# What to work on:
What you return should be the complete listing, unchanged, with no pictures in it.

• • • • •

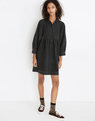 Denim Babydoll Shirtdress in Washed Black
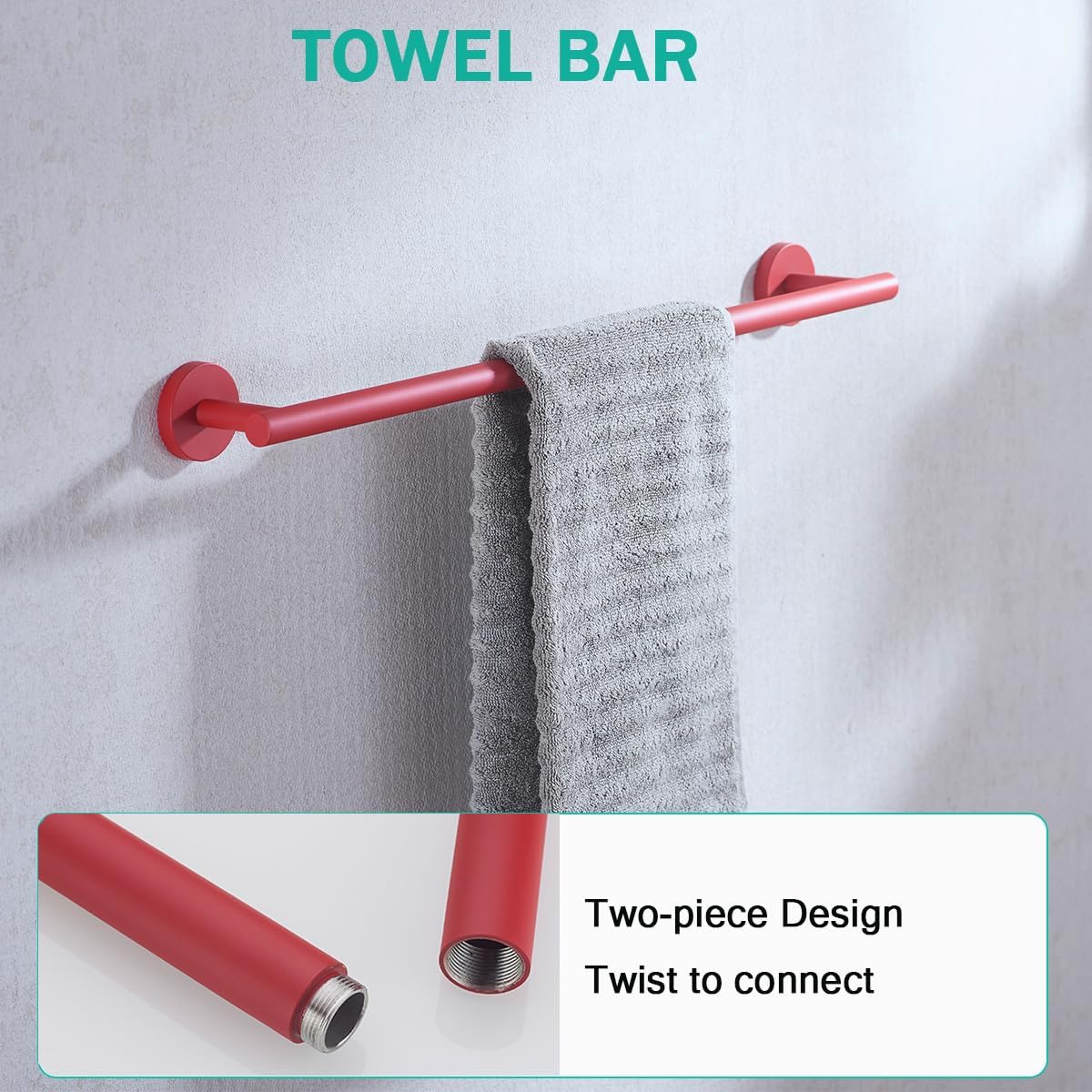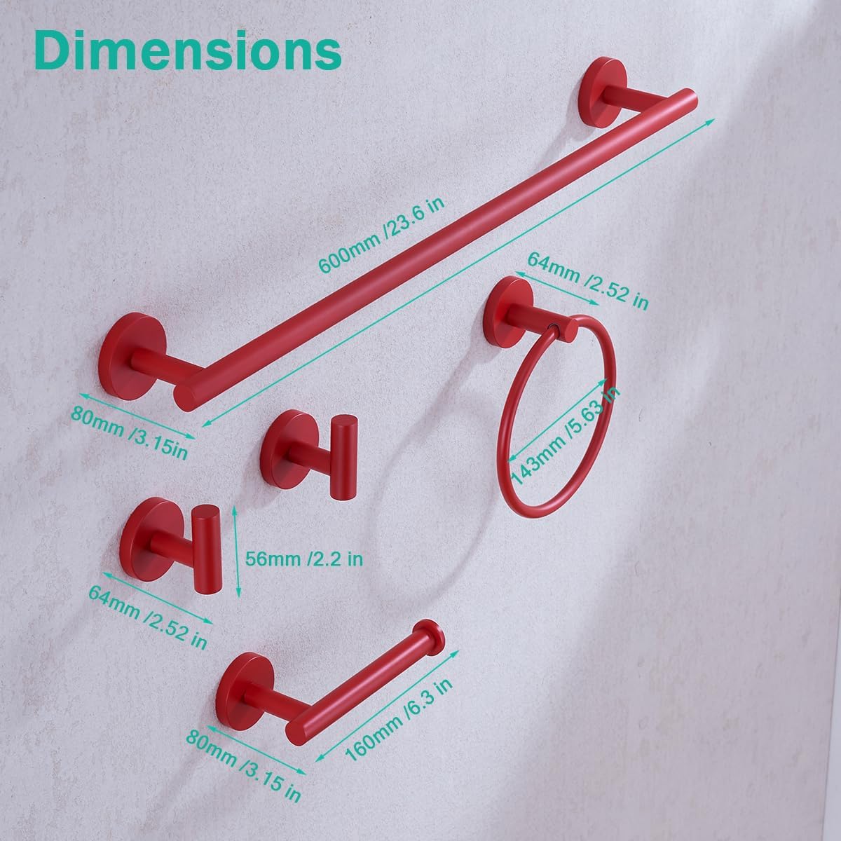 About the product: 1.Model: SE96006S-5RED 2.Material: SUS 304 stainless steel. 3.Screw material: SUS 304 stainless steel. 4.Surface treatment: red anti-rust. 5.The package includes: 1 x 24 inch towel bar,2 x towel hooks,1 x toilet paper holder,1x towel ring,Installation Hardware Pack & Installation Tool
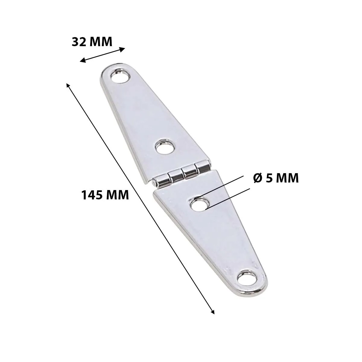 Cerniera inox. Misure: 145x32x1,2 mm, Ø fori 5 mm. Ideale in ambito nautico per barche, yacht e altre imbarcazioni. Utilizzata per garantire sicurezza delle strutture e durabilità.
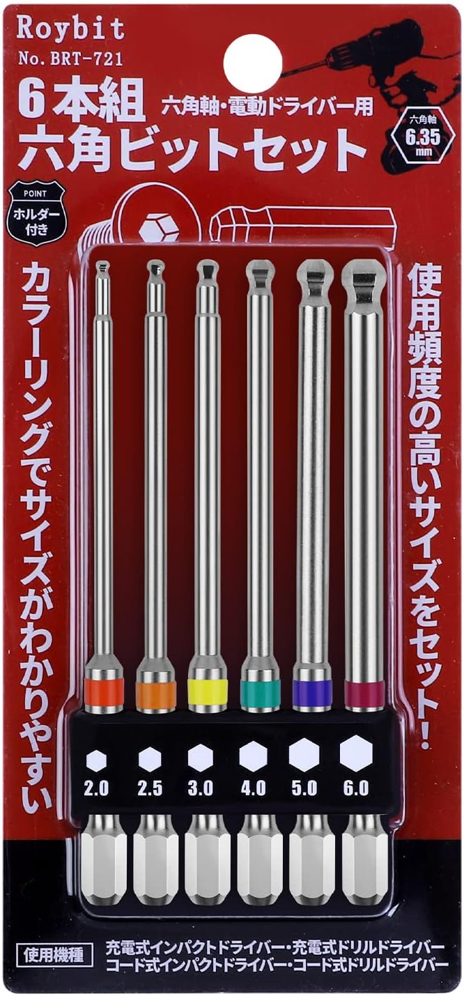【商品仕様】サイズ:対辺2/2.5/3/4/5/6 100mm(ボールポイント六角ビット各1本)。セット内容:6本組。シャンク径:6.35mm。素材:クロムバナジウム鋼。硬度:HCR60 。
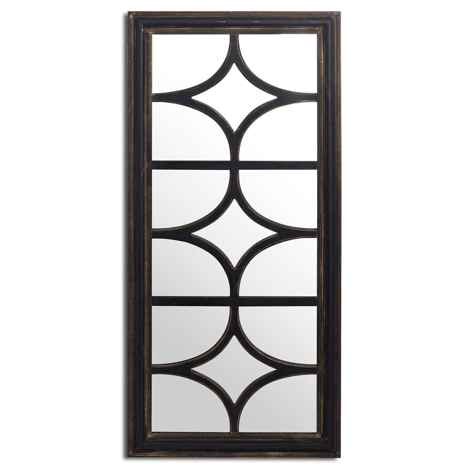 This is the Diamond Effect Large Black Distressed Wall Mirror. This large panel style mirror would make a bold statement wherever it is placed and could be hung vertically or horizontally, to suit the available wall space. A perfect fit with a range of interiors from homes to venues to hotels, it features a geometric diamond cut out feature which adds real visual impact.
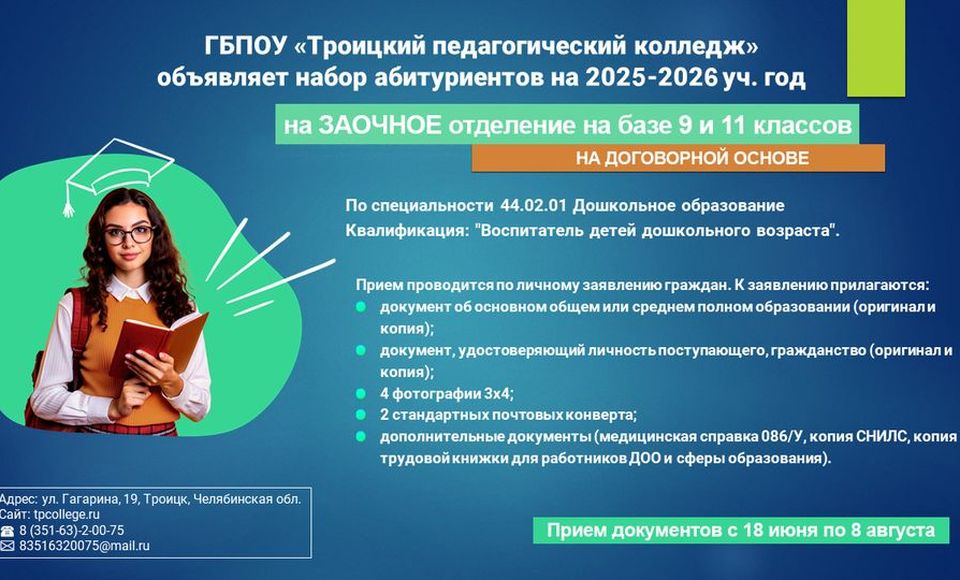 Троицкий педагогический колледж - учебное заведение, стремящееся подготовить разносторонних специалистов, способных гибко перестраиваться, работать в детских учреждениях разного профиля, обучать и воспитывать группы детей с различным уровнем подготовки и развития. Рынок труда с каждым годом становится все более требовательным. Найти свое место в системе частных и государственных учебных и воспитательных учреждений смогут только высококлассные специалисты, которые обладают большим объемом знаний, владеют, умеют работать с компьютерами, другой сложной техникой.
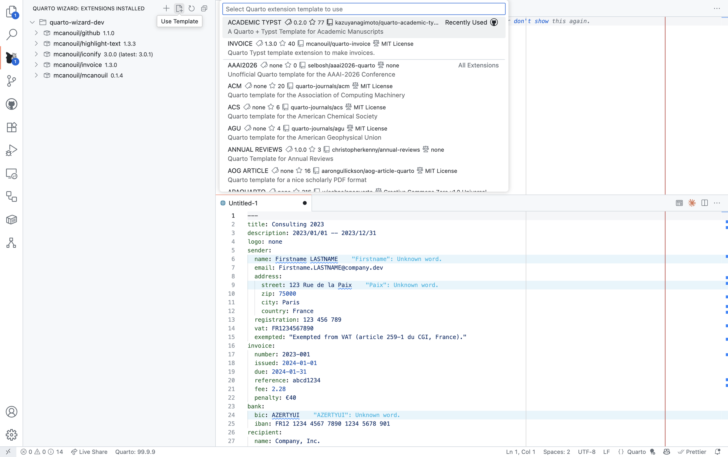 Whether you’re crafting an academic paper using journal-specific formats, creating professional invoices with my Invoice extension template, or building stunning presentations with themed templates like my Reveal.js Coeos extension, browsing available templates becomes as simple as scrolling through a curated gallery.
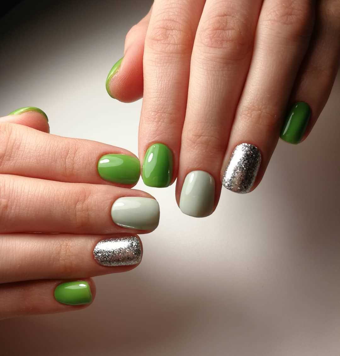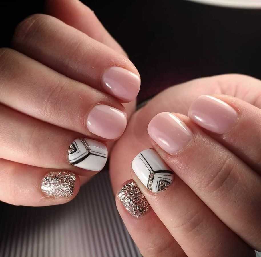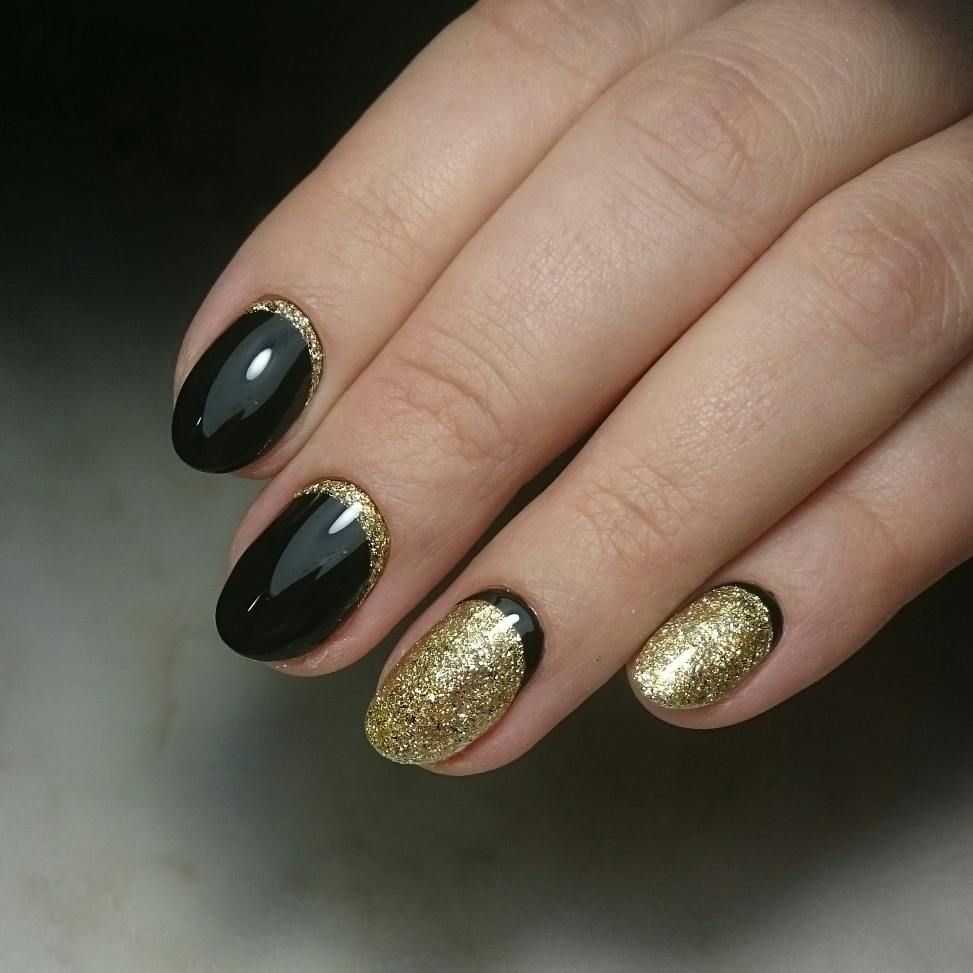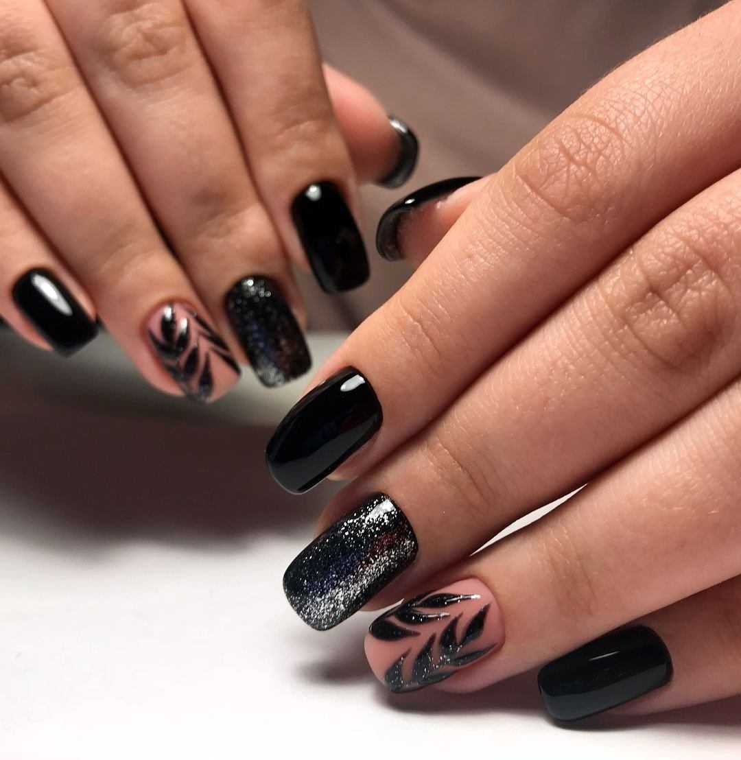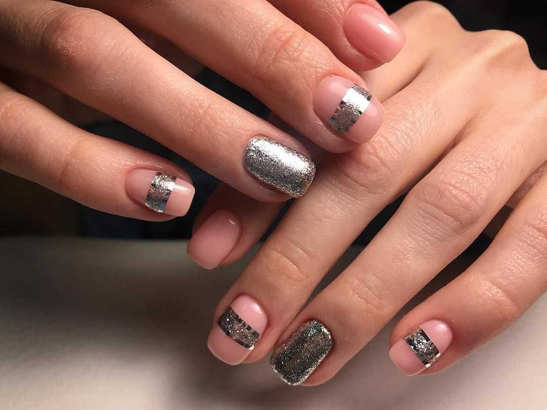 Яркий глиттер и блестки продолжают удивлять модниц утонченными и восхитительными идеями выполнения маникюра на коротких ногтях. На строгом черном фоне блестящие переливы будут выглядеть выгоднее всего. Самым актуальным является серебристый глиттер. Он прекрасно сочетается как с торжественными, так и с повседневными образами. Наиболее актуальный декор — это однотонное покрытие глиттером нескольких ноготков. Такой акцент удачно гармонирует с черной основой маникюра. Ещё одним вариантом станет выделение края ноготков серебристым декором. При помощи блесток очень часто выделяют узоры или рисунки.
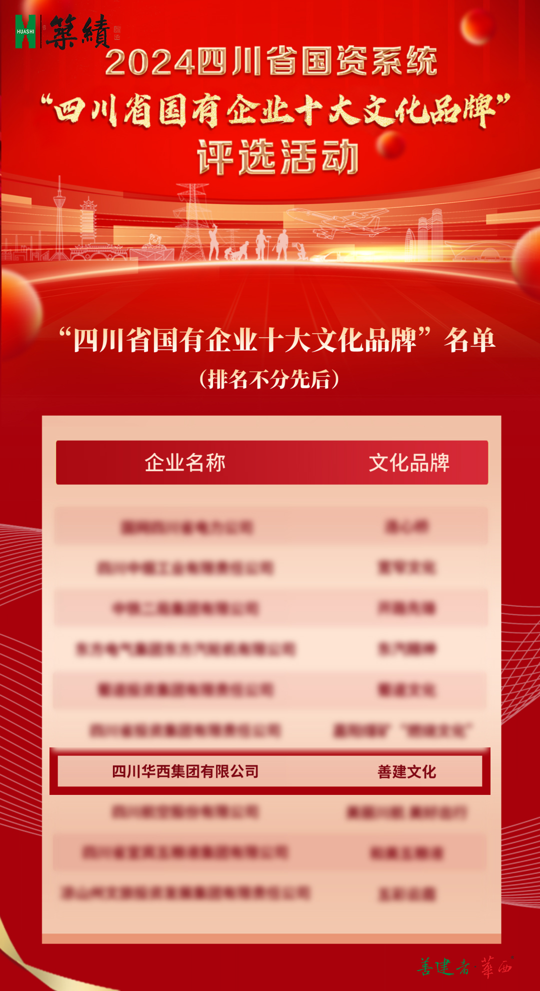 ▲华西集团“善建文化”获“四川省国有企业十大文化品牌”

• • • • •

# Solution:
 Denim Babydoll Shirtdress in Washed Black
 About the product: 1.Model: SE96006S-5RED 2.Material: SUS 304 stainless steel. 3.Screw material: SUS 304 stainless steel. 4.Surface treatment: red anti-rust. 5.The package includes: 1 x 24 inch towel bar,2 x towel hooks,1 x toilet paper holder,1x towel ring,Installation Hardware Pack & Installation Tool
 Cerniera inox. Misure: 145x32x1,2 mm, Ø fori 5 mm. Ideale in ambito nautico per barche, yacht e altre imbarcazioni. Utilizzata per garantire sicurezza delle strutture e durabilità.
【商品仕様】サイズ:対辺2/2.5/3/4/5/6 100mm(ボールポイント六角ビット各1本)。セット内容:6本組。シャンク径:6.35mm。素材:クロムバナジウム鋼。硬度:HCR60 。
 This is the Diamond Effect Large Black Distressed Wall Mirror. This large panel style mirror would make a bold statement wherever it is placed and could be hung vertically or horizontally, to suit the available wall space. A perfect fit with a range of interiors from homes to venues to hotels, it features a geometric diamond cut out feature which adds real visual impact.
 Троицкий педагогический колледж - учебное заведение, стремящееся подготовить разносторонних специалистов, способных гибко перестраиваться, работать в детских учреждениях разного профиля, обучать и воспитывать группы детей с различным уровнем подготовки и развития. Рынок труда с каждым годом становится все более требовательным. Найти свое место в системе частных и государственных учебных и воспитательных учреждений смогут только высококлассные специалисты, которые обладают большим объемом знаний, владеют, умеют работать с компьютерами, другой сложной техникой.
 Whether you’re crafting an academic paper using journal-specific formats, creating professional invoices with my Invoice extension template, or building stunning presentations with themed templates like my Reveal.js Coeos extension, browsing available templates becomes as simple as scrolling through a curated gallery.
 Яркий глиттер и блестки продолжают удивлять модниц утонченными и восхитительными идеями выполнения маникюра на коротких ногтях. На строгом черном фоне блестящие переливы будут выглядеть выгоднее всего. Самым актуальным является серебристый глиттер. Он прекрасно сочетается как с торжественными, так и с повседневными образами. Наиболее актуальный декор — это однотонное покрытие глиттером нескольких ноготков. Такой акцент удачно гармонирует с черной основой маникюра. Ещё одним вариантом станет выделение края ноготков серебристым декором. При помощи блесток очень часто выделяют узоры или рисунки.
 ▲华西集团“善建文化”获“四川省国有企业十大文化品牌”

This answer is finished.